**Work required**
No pictures, nothing altered: return the data below.

**Data below**
= = =

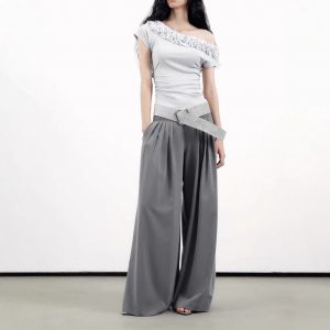 Purple top one shoulder short sleeves for women in summer irregular French large size atmosphere
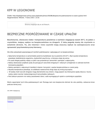 KPP W LEGIONOWIE Źródło: http://kpplegionowo.policja.waw.pl/ple/aktualnosci/50286,Bezpieczne-podrozowanie-w-czasie-upalow.html Wygenerowano: Wtorek, 7 marca 2017, 13:31 Strona znajduje się w archiwum. BEZPIECZNE PODRÓŻOWANIE W CZASIE UPAŁÓW Bezchmurne, słoneczne niebo i temperatura powietrza o wartości sięgającej nawet 30°C, to jeden z czynników, mający wpływ na bezpieczeństwo na drogach. Z taką pogodą mamy do czynienia w ostatnim okresie. Te, ale również i inne czynniki mają znaczny wpływ na samopoczucie oraz sprawność psychomotoryczną kierowcy. Oto kilka wskazówek poprawiających komfort podróżowania i wpływających na bezpieczeństwo: ● Optymalna temperatura w samochodzie powinna kształtować się na poziomie 20-22°C. Zbyt wysoka temperatura powoduje niedotlenienie organizmu, dyskomfort psychiczny, a kierowca staje się senny. ● W czasie długiej podróży należy co jakiś czas przewietrzyć samochód i pamiętać o odpoczynku. ● Należy dostosować prędkość jazdy do panujących warunków drogowych i własnych umiejętności w zakresie techniki kierowania pojazdem. ● Należy pamiętać o włączonych światłach mijania i korzystać z pasów bezpieczeństwa w czasie jazdy. ● Wysoka temperatura powoduje, że asfaltowa nawierzchnia drogi staje się mniej przyczepna. ● W każdej chwili warunki drogowe mogą diametralnie się zmienić, mogą pojawić się intensywne opady deszczu i burze, należy zatem słuchać meteorologicznych komunikatów radiowych. ● Pod żadnym pozorem nie należy pozostawiać dzieci, osób wymagających opieki w zamkniętym pojeździe. Warto zapamiętać tych kilka podstawowych rad. Pomogą nam one bezpiecznie dotrzeć do celu podróży, zwłaszcza teraz podczas letniej aury. info: KWP w Bydgoszczy Ocena: 0/5 (0) Tweetnij
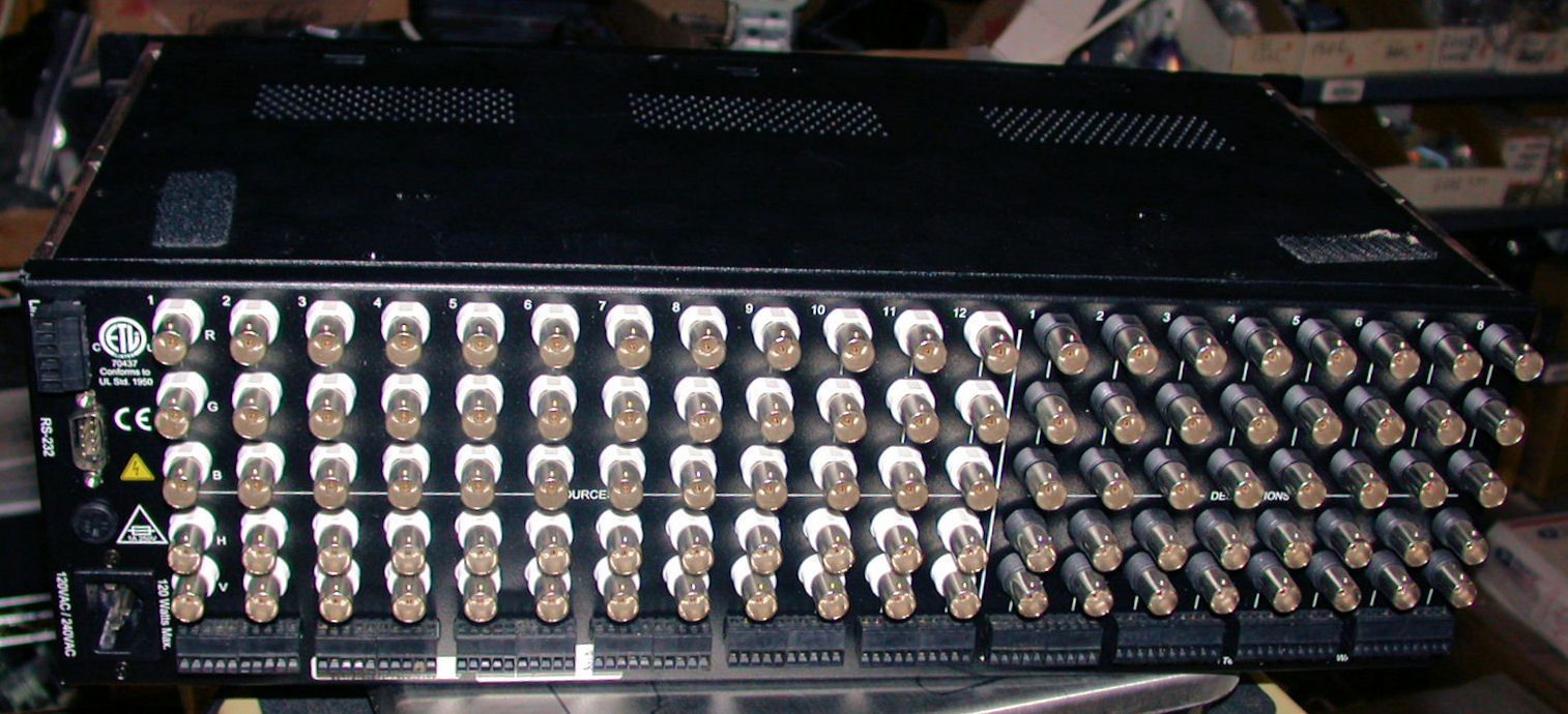 | AMX Autopatch Precis 12x8 HDTV/VGA Matrix Switch 12x8 HDTV Component Video & Digital Audio (or) 12x8 RGBHV (VGA) 300mhz & Analog Audio  Actual Picture of item This unit will not come with any phoenix connectors or audio pigtails. Why do you need this? (Home Theater) You have your Home Theater and Life is good, Then you start adding more HD sources and/or Display devices, now you have a pile (or will) of spaghetti wiring and limited ways to switch from source to source to destination. HDTV can be a real challenge when growing a Large Home Theater and/or Whole House System. A New Professional Matrix Switcher will set you back thousands and this one I am offering costs over $6000 and is still in production! If you have a Home Theater and two or more HDTV sources, a Projector and a Preview Monitor, along with a everyday TV, you need this switcher! Perhaps you would like to add a preview (or cue) monitor. As your system grows all you have to do is plug in new components, no crazy wiring schemes to get you by each time you add something (let alone explaining to your other half how to operate things!). Only a matrix switcher can allow you easy connections of all your equipment without special patching. This unit also features Digital AND Analog Audio, why do you need both? Many older (and some newer) HDTV's do not have Digital Audio inputs, unless you set up a separate Digital ready receiver (sound around) in each zone most likely you will need analog audio to make your installation seamless. Digital to analog adapters DO NOT WORK WELL and many do not decode Dolby so running the actual analog audio is still the most reliable method. This is a professional unit that uses BNC Video jacks and Phoenix Audio Connectors we do offer BNC to RCA adapters which you can read more about below. This unit will include the phoenix connectors for audio along with the audio pigtails which you can read more about below. Why do you need this? (Computer Rack) This matrix will allow you to connect up to 12 computers and up to 8 monitors, then you can switch ANY computer to ANY monitor, this includes any number of the 8 monitors to 1 computer. Examples would be 1 computer to all 8 monitors, 2 computers to 4 monitors each, 1 computer to 1 monitor + 2nd computer to 7 monitors. ANY COMBINATION is allowable, get the idea? Great for entertainment displays, stock ticker boards, gaming systems, or just redundancy. This is much better then a standard KVM which only switches one monitor. Use this in conjunction of a KVM for keyboard/mouse switching and even further extend your system. This is a 300mhz system which will allow you to use 1200x1600 or even higher res. I can also help on the specialized wiring needing for Computer and other specialty use. Use with Computers and HDTV at the same time! While this Switcher will NOT convert signals you can dedicate some of the channels for Computer (VGA) monitors and some of the channels for HDTV (Component Video). Basically you will be using it as two smaller switchers for example use 4 inputs and 2 outputs for Computers and Computer Monitors and the remaining 8 inputs and 6 outputs for HDTV. You CANNOT Switch HDTV Sources to Computer Monitors and visa-versa however you CAN add a converter to allow this if needed, contact me for more info on this. What Exactly is it? This is a TRUE 12x8 Matrix Switcher/Router which means that you can connect 12 HD component or VGA Sources and 8 HD/VGA Destinations (Projectors, Displays, Recorders, etc). Via the magic in the box ANY SOURCE can be electronically switched to ANY DESTINATION without any manual wiring or patching. You may have seen these on eBay before and there may be some up for bid right now BUT several things that make ours special. First off, see our feedback- We don't leave our buyers unhappy, Second, we have electronic engineers and technicians on staff that have refurbished and re- certified every aspect of these units to 100% perfect, this includes rebuilding fans and power supplies allowing us to provide a full 6 month warranty. Also included is an RS232 Cable and Software for a standard pc to control it + Full Manuals in PDF. | Controlling your system If you have an upper-ended control system like AMX, Control4 or Creston just plug this unit into an RS232 port and smile, for the rest of us there are several lo-cost ways to control this switcher. First you can use the built in front panel controls (a $800 value alone) or If you like using an IR remote control, then home controllers like "ADI OCELOT" and "HomeVision" both can receive IR and send the required RS232 signals to the switcher as well as send additional IR signals to your other equipment to create complete macros such as "system-on" and "system-off". Add-on control box's can be as simple as "IR to RS232" or Higher end which support "IF-THEN" type programming to keep your whole system and/or house in check. X10 is also standard in both of the suggested controllers Xantech also maks IR controllers. (CONTROLLER NOT INCLUDED). Why buy from Us First off unlike most sellers on Ebay, we are not selling equipment with the "I know nothing" disclaimer. We have Re-certified this unit and will stand behind it 100% just like the factory would if you bought a new one, should you have any issues we have more slide-in replacement modules and/or whole units which we will gladly exchange. We can also help with initial system installation and have many more tested and approved widgets selected to make your system grow more easily, If you want to grow a large system then buy this Switcher and consider our help a fringe benefit of the sale or "Value Added" as some would say. All needed Software, Adapters and Special Cables are Included! Included is a RS232 Cable for connection to your computer (or controller), Power Cord, Software and Support Files on CD. You will Receive this ready to go and all materials needed to get it up and running in 15 minutes or less. In addition we will be he
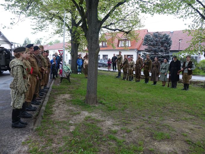 Klub vojenské historie MARKLAND, z.s. v rámci projektu "CESTA SVOBODY - po stopách 1. československého armádního sboru na Moravě" projel v sobotu 6. května 2023 naší obcí. Kolona originálních historických vojenských vozidel, včetně vojáků v dobových uniformách, uctila památku padlých ve 2. světové válce krátkou pietní akci u pomníku padlých na Soukopově náměstí před základní školou.

= = =

**Solution to the exercise**
 Purple top one shoulder short sleeves for women in summer irregular French large size atmosphere
 KPP W LEGIONOWIE Źródło: http://kpplegionowo.policja.waw.pl/ple/aktualnosci/50286,Bezpieczne-podrozowanie-w-czasie-upalow.html Wygenerowano: Wtorek, 7 marca 2017, 13:31 Strona znajduje się w archiwum. BEZPIECZNE PODRÓŻOWANIE W CZASIE UPAŁÓW Bezchmurne, słoneczne niebo i temperatura powietrza o wartości sięgającej nawet 30°C, to jeden z czynników, mający wpływ na bezpieczeństwo na drogach. Z taką pogodą mamy do czynienia w ostatnim okresie. Te, ale również i inne czynniki mają znaczny wpływ na samopoczucie oraz sprawność psychomotoryczną kierowcy. Oto kilka wskazówek poprawiających komfort podróżowania i wpływających na bezpieczeństwo: ● Optymalna temperatura w samochodzie powinna kształtować się na poziomie 20-22°C. Zbyt wysoka temperatura powoduje niedotlenienie organizmu, dyskomfort psychiczny, a kierowca staje się senny. ● W czasie długiej podróży należy co jakiś czas przewietrzyć samochód i pamiętać o odpoczynku. ● Należy dostosować prędkość jazdy do panujących warunków drogowych i własnych umiejętności w zakresie techniki kierowania pojazdem. ● Należy pamiętać o włączonych światłach mijania i korzystać z pasów bezpieczeństwa w czasie jazdy. ● Wysoka temperatura powoduje, że asfaltowa nawierzchnia drogi staje się mniej przyczepna. ● W każdej chwili warunki drogowe mogą diametralnie się zmienić, mogą pojawić się intensywne opady deszczu i burze, należy zatem słuchać meteorologicznych komunikatów radiowych. ● Pod żadnym pozorem nie należy pozostawiać dzieci, osób wymagających opieki w zamkniętym pojeździe. Warto zapamiętać tych kilka podstawowych rad. Pomogą nam one bezpiecznie dotrzeć do celu podróży, zwłaszcza teraz podczas letniej aury. info: KWP w Bydgoszczy Ocena: 0/5 (0) Tweetnij
 | AMX Autopatch Precis 12x8 HDTV/VGA Matrix Switch 12x8 HDTV Component Video & Digital Audio (or) 12x8 RGBHV (VGA) 300mhz & Analog Audio  Actual Picture of item This unit will not come with any phoenix connectors or audio pigtails. Why do you need this? (Home Theater) You have your Home Theater and Life is good, Then you start adding more HD sources and/or Display devices, now you have a pile (or will) of spaghetti wiring and limited ways to switch from source to source to destination. HDTV can be a real challenge when growing a Large Home Theater and/or Whole House System. A New Professional Matrix Switcher will set you back thousands and this one I am offering costs over $6000 and is still in production! If you have a Home Theater and two or more HDTV sources, a Projector and a Preview Monitor, along with a everyday TV, you need this switcher! Perhaps you would like to add a preview (or cue) monitor. As your system grows all you have to do is plug in new components, no crazy wiring schemes to get you by each time you add something (let alone explaining to your other half how to operate things!). Only a matrix switcher can allow you easy connections of all your equipment without special patching. This unit also features Digital AND Analog Audio, why do you need both? Many older (and some newer) HDTV's do not have Digital Audio inputs, unless you set up a separate Digital ready receiver (sound around) in each zone most likely you will need analog audio to make your installation seamless. Digital to analog adapters DO NOT WORK WELL and many do not decode Dolby so running the actual analog audio is still the most reliable method. This is a professional unit that uses BNC Video jacks and Phoenix Audio Connectors we do offer BNC to RCA adapters which you can read more about below. This unit will include the phoenix connectors for audio along with the audio pigtails which you can read more about below. Why do you need this? (Computer Rack) This matrix will allow you to connect up to 12 computers and up to 8 monitors, then you can switch ANY computer to ANY monitor, this includes any number of the 8 monitors to 1 computer. Examples would be 1 computer to all 8 monitors, 2 computers to 4 monitors each, 1 computer to 1 monitor + 2nd computer to 7 monitors. ANY COMBINATION is allowable, get the idea? Great for entertainment displays, stock ticker boards, gaming systems, or just redundancy. This is much better then a standard KVM which only switches one monitor. Use this in conjunction of a KVM for keyboard/mouse switching and even further extend your system. This is a 300mhz system which will allow you to use 1200x1600 or even higher res. I can also help on the specialized wiring needing for Computer and other specialty use. Use with Computers and HDTV at the same time! While this Switcher will NOT convert signals you can dedicate some of the channels for Computer (VGA) monitors and some of the channels for HDTV (Component Video). Basically you will be using it as two smaller switchers for example use 4 inputs and 2 outputs for Computers and Computer Monitors and the remaining 8 inputs and 6 outputs for HDTV. You CANNOT Switch HDTV Sources to Computer Monitors and visa-versa however you CAN add a converter to allow this if needed, contact me for more info on this. What Exactly is it? This is a TRUE 12x8 Matrix Switcher/Router which means that you can connect 12 HD component or VGA Sources and 8 HD/VGA Destinations (Projectors, Displays, Recorders, etc). Via the magic in the box ANY SOURCE can be electronically switched to ANY DESTINATION without any manual wiring or patching. You may have seen these on eBay before and there may be some up for bid right now BUT several things that make ours special. First off, see our feedback- We don't leave our buyers unhappy, Second, we have electronic engineers and technicians on staff that have refurbished and re- certified every aspect of these units to 100% perfect, this includes rebuilding fans and power supplies allowing us to provide a full 6 month warranty. Also included is an RS232 Cable and Software for a standard pc to control it + Full Manuals in PDF. | Controlling your system If you have an upper-ended control system like AMX, Control4 or Creston just plug this unit into an RS232 port and smile, for the rest of us there are several lo-cost ways to control this switcher. First you can use the built in front panel controls (a $800 value alone) or If you like using an IR remote control, then home controllers like "ADI OCELOT" and "HomeVision" both can receive IR and send the required RS232 signals to the switcher as well as send additional IR signals to your other equipment to create complete macros such as "system-on" and "system-off". Add-on control box's can be as simple as "IR to RS232" or Higher end which support "IF-THEN" type programming to keep your whole system and/or house in check. X10 is also standard in both of the suggested controllers Xantech also maks IR controllers. (CONTROLLER NOT INCLUDED). Why buy from Us First off unlike most sellers on Ebay, we are not selling equipment with the "I know nothing" disclaimer. We have Re-certified this unit and will stand behind it 100% just like the factory would if you bought a new one, should you have any issues we have more slide-in replacement modules and/or whole units which we will gladly exchange. We can also help with initial system installation and have many more tested and approved widgets selected to make your system grow more easily, If you want to grow a large system then buy this Switcher and consider our help a fringe benefit of the sale or "Value Added" as some would say. All needed Software, Adapters and Special Cables are Included! Included is a RS232 Cable for connection to your computer (or controller), Power Cord, Software and Support Files on CD. You will Receive this ready to go and all materials needed to get it up and running in 15 minutes or less. In addition we will be he
 Klub vojenské historie MARKLAND, z.s. v rámci projektu "CESTA SVOBODY - po stopách 1. československého armádního sboru na Moravě" projel v sobotu 6. května 2023 naší obcí. Kolona originálních historických vojenských vozidel, včetně vojáků v dobových uniformách, uctila památku padlých ve 2. světové válce krátkou pietní akci u pomníku padlých na Soukopově náměstí před základní školou.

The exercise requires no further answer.